The vision of The International Year of Astronomy 2009 was to enable every person to become aware of the impact of astronomy and all sciences on our daily activities. Through this scientific knowledge it was hoped all could see how it contributed and furthered an unbiased and harmonious civilization. It was further hoped that unions between licensed and qualified as well as the amateur astronomer would be brought forth. In Long Beach, California, at the winter meeting of the American Astronomical Society, The U.S. International Year of Astronomy 2009 commenced on January 6, 2009.
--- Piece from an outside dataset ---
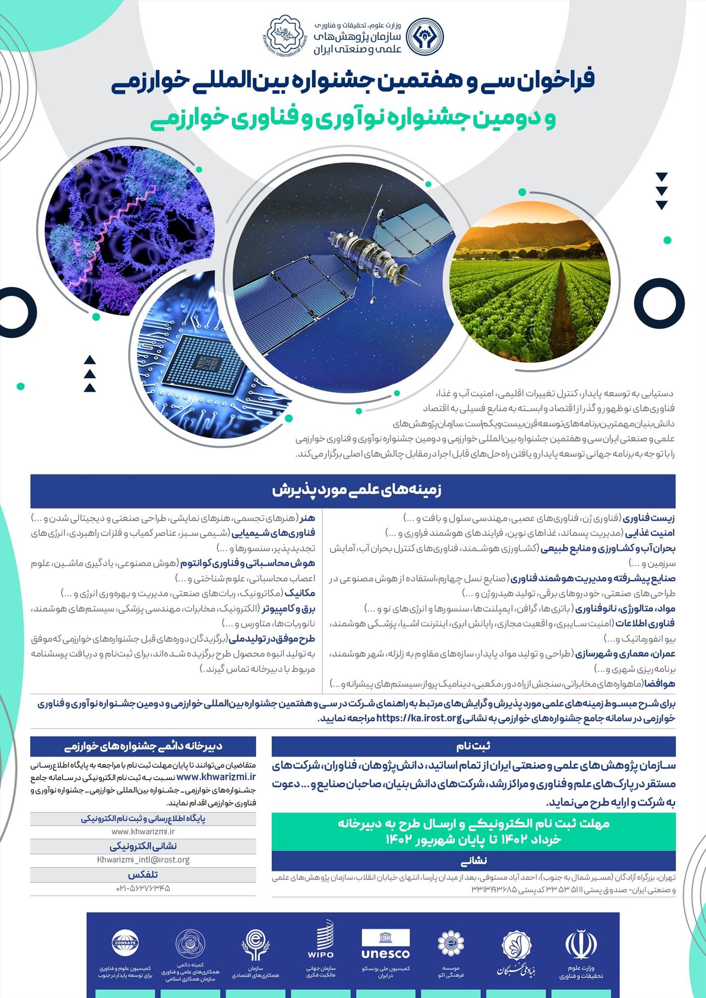اطلاعات بیشتر از طریق وب سایت دبیرخانه جشنواره هاي خوارزمی قابل دسترسی است: http://khwarizmi.ir/sections
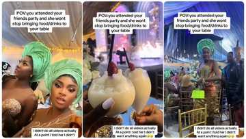 “Wetin we dey find”: Nigerian lady shares the lavish wedding of friend she attended with plenty food

Through utilisation of the world's oldest telescope at the Cincinnati Observatory, viewing of The Pleiades Star Cluster was sent over the web. Also known as the "Seven Sisters", light from The Pleiades star cluster takes approximately 400 years to reach Earth. Therefore, the photons of light that were viewed were almost identical to that viewed by Galileo with his first telescope. Pompea and members of the International Year of Astronomy team also worked with present day astronomers and optics experts to construct an economical telescope that could be built by kids with ease. The optics needed to be easy to assemble but still allowing kids to see the rings of Saturn. The scope also had allowed city-dwellers to view bright objects regardless of their lack of dark skies due to electric city lighting during the night. The result was the Galileoscope. The colourful plastic pieces allowed the children to conduct optics observations while putting assembling their scopes. The telescopes were available for a nominal fee per scope. "Our particular goal is to get millions of people to look through a telescope for the first time," Pompea said. It was a momentous proposal to produce thousands of inexpensive high-performance telescopes that would allow amateur citizens, especially children, to embrace their initial inspiring glance at the heavens.

The initiative also celebrates the 400th anniversary of Galileo Galilei's first telescope observation of the night sky. Galileo did not invent the telescope. He designed and built telescopes with exceedingly powerful resolution and grandeur for his personal use and some of his clients. Galileo's telescopes gained notoriety for their superb and magnificent characteristics. The idea that the Earth and the planets revolved around the Sun was given credence after examinations with Galileo's telescope. Numerous stars in the Milky Way and other areas were also noted. A world of stars reaching out to possibly infinity or to some place of massive radius was not viewed.